Many of the the comments this mom was recounting are just sad to me. They imply a really limited ability to love. Choosing to love your adopted child isn’t much different from choosing to love your spouse— someone different from you, not biologically related, with needs and baggage you didn’t create. When people make comments about not being able to understand why we love our kids, I honestly just feel sorry for them. And when they make those kinds of comments to me, I don’t let them go without responding to them. I want everyone to know that we are blessed to parent our children and benefit from their love.
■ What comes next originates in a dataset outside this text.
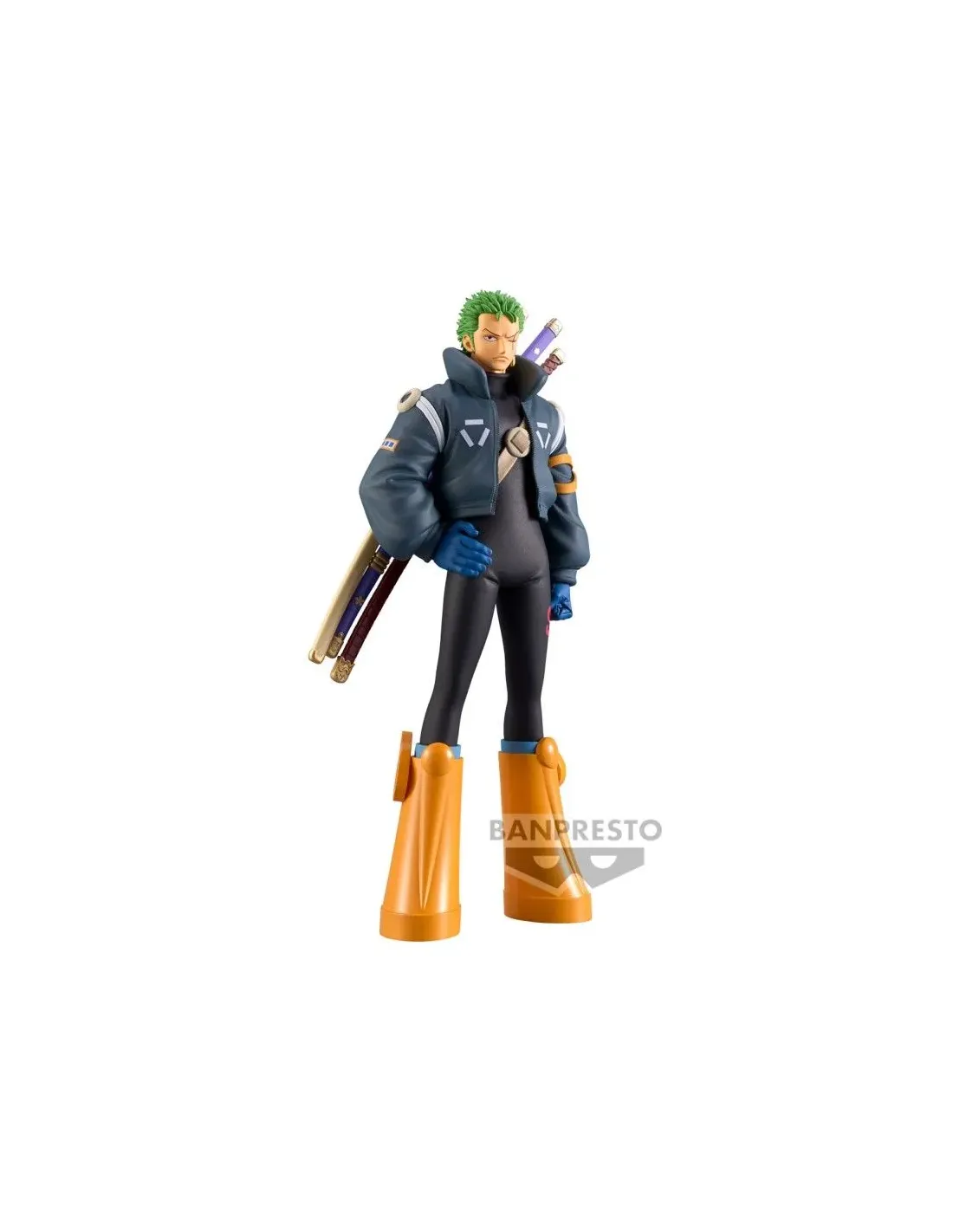 ¡Añade la figura de Roronoa Zoro a tu colección de figuras de One Piece!Banpresto presenta la figura de Roronoa Zoro del popular manga y anime One Piece Dxf The Grandline Series Egghead. Esta figura está hecha en PVC mide unos 17 cm de alto e incluye una basesoporte especial para exposición.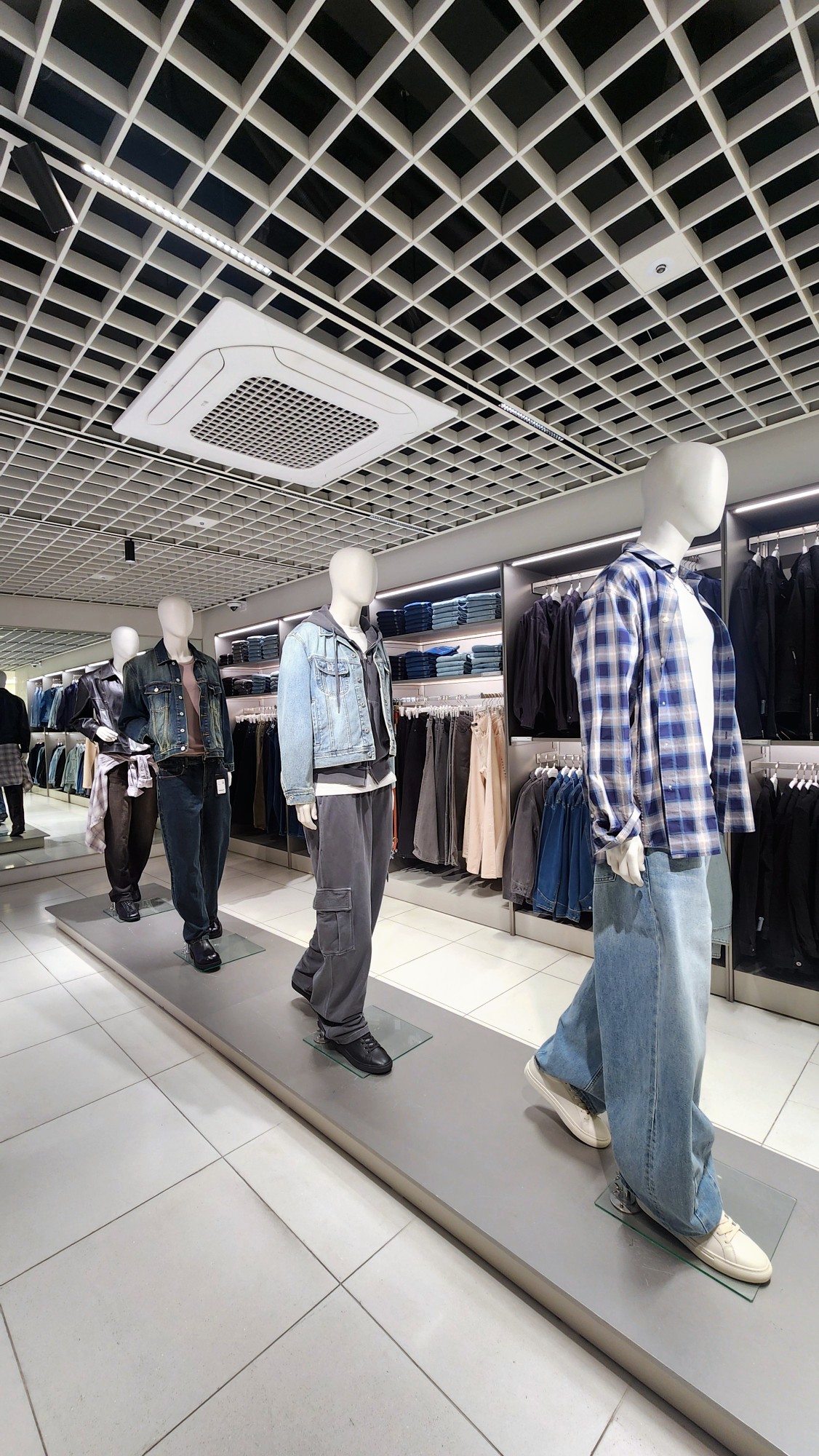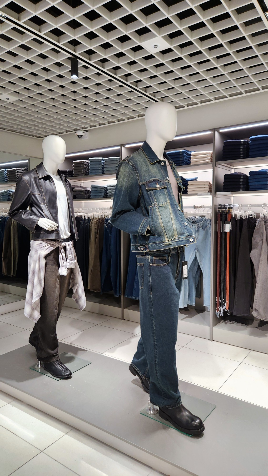 매장 안쪽 데님 셔츠와 와이드 데님 팬츠를 착용한 마네킹들

A couple years ago our family was out doing some shopping at a home improvement store. We kept walking past an older couple that was staring at us and our kids. I was tempted to feel self-conscious, especially because the boys were being pretty loud and were starting to lose patience with this whole trip. As we were nearing the checkout line, the older couple came up to our cart and started talking to the boys. After a little strained conversation, the wife leaned over to me and said, “We adopted our son forty-eight years ago. I feel so sorry for people who never get to experience that kind of joy.” We had such a wonderful conversation with them and felt like we shared a special secret— a secret about how other people think you’re doing something wonderful to help these poor, needy children, but really you are the one who is blessed. I’m thankful I didn’t assume their staring was out of a disapproval of our family and I’m thankful for their affirmation that this IS a special kind of joy. More than being angry, I feel sad when people don’t seem to understand that.
I feel sympathy for people who ask questions because I have been that person. During our waiting years I asked plenty of nosey questions and I’m sure some of them were phrased in less than sensitive ways. I was desperate for information and I didn’t always know the appropriate words to use. I still ask those questions (although phrased correctly now) when I run into other families that look like ours. I have been the weirdo stranger who is waving and smiling like a moron at the little adopted toddler shopping with her mom. I ask if siblings are biologically related because I know the difficulties of taking two kids at once or dealing with a family in crisis over the course of years to take multiple placements. I know it isn’t an irrelevant question, but gives clues to the journey a family has been through. I want to know what country, what agency, what contact agreement, how long was the process, etc. because this is my story, too. And when people know we share this road in common, they are often very open and gracious about sharing their story. I’m especially thankful for the adult adoptees and birthmothers who have opened their hearts and stories to me so I can learn from their experience. But when I don’t have my kids with me, I forget that people don’t automatically know that my attention is because I’m supportive. I hate thinking that our assumption as adoptive parents is to think people are going to be insensitive or are unsupportive.
So as an adoption community, let’s be gracious and see ourselves as educators as we answer questions. And those who are curious about adoption, be thoughtful in how you ask them.